The Plant List (http://www.theplantlist.org/) is a working list of more than one million scientific plant names and was used to double check the names referred to by the retrieved Chinese literature. The names of plant species were also compared to Flora of China (http://www.eflora.cn/). All names were noted in Table S1 with “Accepted,” “Unresolved,” “From Flora of China,” “From journals,” or “From books” in the collected plant species list. The status “Accepted” indicates that the Latin name is recommended by The Plant List to refer to the species (or to a subspecies, variety or forma). The status “Unresolved” indicates that there is not enough evidence to determine whether the name should be treated as accepted or not, or there were conflicting opinions that could not be readily resolved. For those names which could not be retrieved from The Plant List, the names were referred to the Flora of China and noted as “From Flora of China.” Some remaining plant names were noted as “From journals” and “From books,” which indicated their original source.

In a previous study on Chinese endemic seed plant species by Huang (Huang et al., 2011), a total of 15,103 species from 191 families and 1,584 genera were identified as endemic to China. Combined with the above summary (Table S1), we identified a list of Chinese endemic seed plants with published fatty acid profiles (Table S2). All these plant species and Chinese endemic plants were compared to the plant list in PhyloFAdb to evaluate which species were already included in on-line fatty acid databases and the overlap of information.

The names of fatty acids recorded in Chinese literature vary considerably in formats. In order to provide a consistent nomenclature for comparison to other literature, normalization of Chinese fatty acid names was carried out by referring to Chemical Abstracts nomenclature rules. In addition, the Open Parser for Systematic IUPAC nomenclature (OPSIN, http://opsin.ch.cam.ac.uk/) was used to examine structure models of fatty acids.
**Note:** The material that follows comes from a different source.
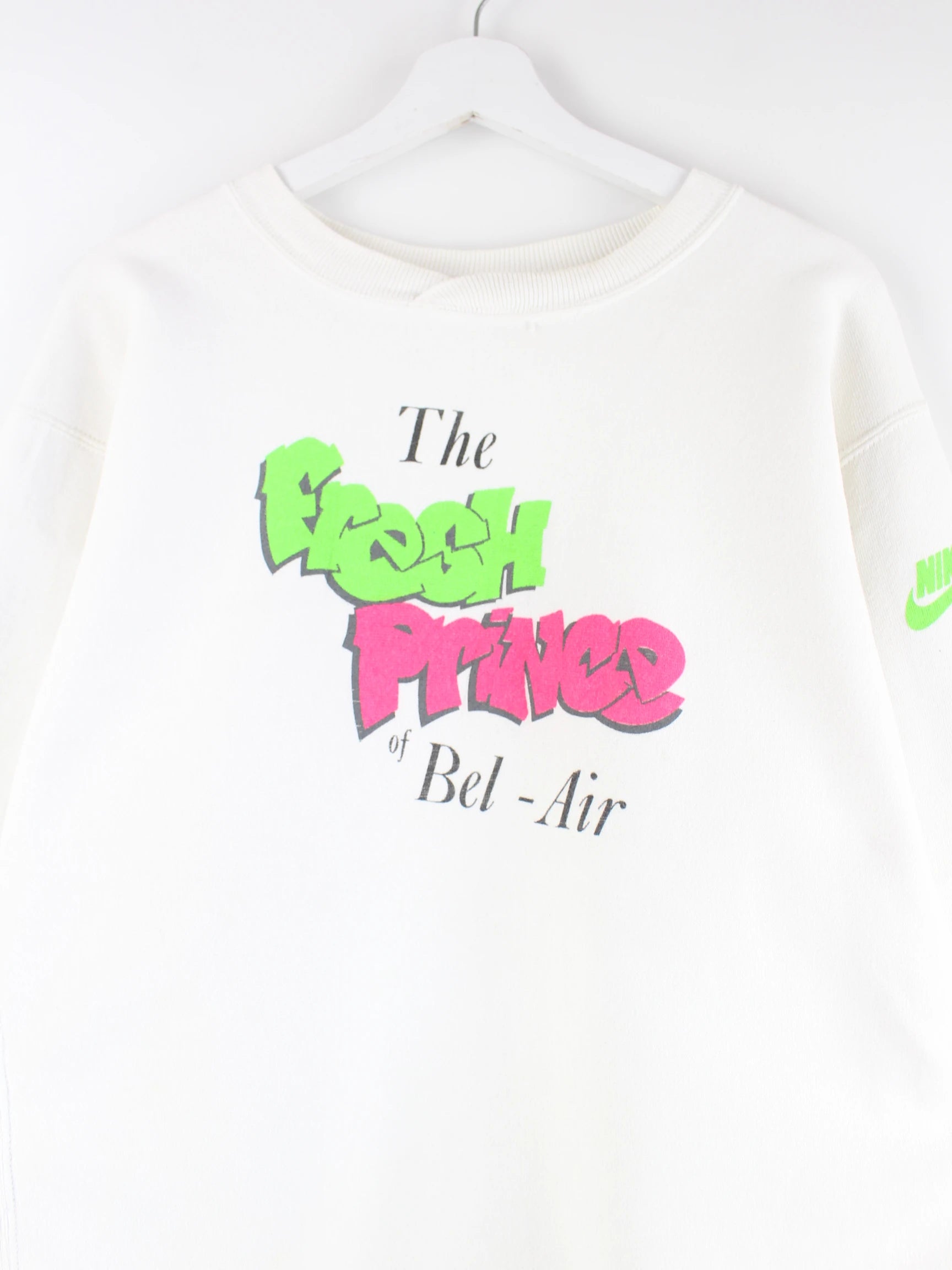 Nike 80s Vintage Silver Tag Prince Of Bel Air Print Sweater Weiß L

In a number of cases the position or configuration (cis or trans) of double bonds is not specified by the Chinese literature we reviewed. Among these, several have quite similar related fatty acids reported in PhyloFAdb and SOFA. However, there was not enough specific information to determine whether they are exactly the same or not. Furthermore, there were a number of fatty acid structures recorded in Chinese literature that are not included in the PhyloFAdb and SOFA databases as of 2016. These represent plant fatty acid structures that may only be recorded in Chinese literature surveyed here (although PhyloFAdb and SOFA are not completely comprehensive).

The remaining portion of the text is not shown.